The Army of Bengal was formed, which later became part of a united British Indian Army from 1895 to 1947. The eastern part of British India was a prominent place for military and police recruitment, with entire horse-mounted cavalry and lancer units being recruited there prior to the Bengal Sepoy Mutiny of 1857. Post-mutiny, units with the epithet "Bengal" in their name, such as Bengal Sappers and Bengal Cavalry, were largely recruited from non-Bengali peoples from Bihar, Varanasi and Uttar Pradesh which were technically still part of Bengal Presidency at that time. During the First World War, the Bangali Paltan was formed to recruit soldiers from Bengal. In 1916, the British Government formed the Bengali Double Company. The soldiers were trained in Karachi and shipped to Baghdad. They fought in the war and after the war helped crush a rebellion by Kurds in 1919.

During the Second World War, British Indian Army Eastern Command created an auxiliary force who were part engineers and part infantry named as Indian Army Pioneer Corps.
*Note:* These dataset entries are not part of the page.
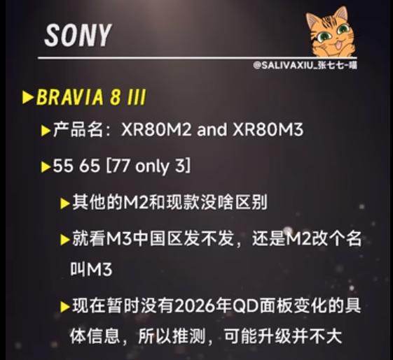 Si viestéis la noticia sobre las filtraciones de los modelos MiniLED, sabréis que la fuente es la misma: el influencer Zhang Salivaxiu, por lo que de nuevo, hablamos sobre información no oficial ni confirmada por la marca. Al margen de lo que veremos en las Mini LED, Zhang comparte la siguiente imagen donde podemos ver la nueva Bravia 8 III y algunos comentarios que hace sobre ésta: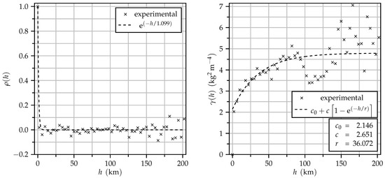 For modelling the variogram, we selected an exponential function with an additional nugget component (Figure 4). The range for fitting the function to the experimental values was restricted to 100 km, thus neglecting the hole effect at larger lag distances. Following Webster and Oliver [75], we did not fit the variogram model to the hole effect, as there was no clear theory for the observed periodicity. In addition, the use of increased weight factors at high distances in the kriging procedure would not support the desired incorporation of unknown large-scale effects. The combined variogram model achieved a high goodness of fit (R2 = 0.874). The parameters estimated using the Levenberg–Marquardt method [94] indicate that pairs of residuals are spatially correlated up to a distance of 108 km (ca 3 ) until the model approaches the maximum semivariance (sill c). However, nearly half of the spatially dependent variation occurs at distances below the lag increment or is contributed by measurement errors, as can be seen from the fairly high nugget component [90].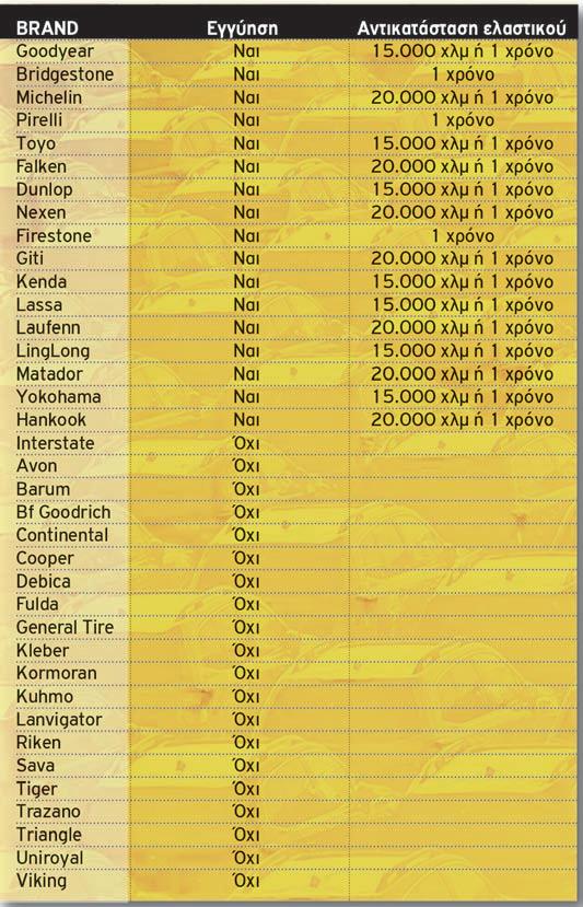 μεταξύ 50 ελαστικών από όλες τις εταιρείες.

Most of the soldiers were recruited from both West and East Bengal. This force assisted the main war effort by building roads, airfields, fortifications and, when needed, fought the Japanese in an infantry role. This force was organised in company groups attached to various regiments of Indian Army in direct support role. Captain Abdul Gani was a company commander in the Burma front and led his troops in battle. After the war these Pioneer Troops were concentrated in Jalna, India, waiting to be demobilised and to return home. In 1946, Captain Ghani the then Adjutant and Quartermaster of Indian Pioneer Corps Centre at Jalna envisioned and generated the idea of forming an Infantry regiment out of the Pioneer soldiers from East Bengal who would be returning home demobilised, to the Centre Commander. After receiving permission from the Chief of Staff of Pakistan Army General Sir Frank Messervy, he organised his men to form the nucleus of an Infantry Regiment, the Bangali Paltan (Platoon).

=== Pakistan period ===
At the time of the creation of Pakistan, Abdul Gani got the approval of the then newly appointed Commander-in-Chief of the Pakistan Army General Frank Messervy to form the East Bengal Regiment composed solely of youths from East Bengal, would be East Pakistan. On 17 August 1947, General Messervey while bidding farewell to the Pioneer Corps soldiers from Bombay, the General endorsed the views of Captain Ghani and said' you will prove to the world that Bengali soldiers are equally competent as other nations of the world.' With these inspiring words Captain Ghani moved to Dhaka in September 1947, with two Pioneer Companies and was temporarily located in Pilkhana now the Headquarters of the BGB. He was later told by the administration to find a suitable place to accommodate the soldiers. He moved to the north of the Capital and found Kurmitola as the perfect place for a cantonment. Toiling day in and day out the barracks were constructed and jungles cleared, parade ground prepared.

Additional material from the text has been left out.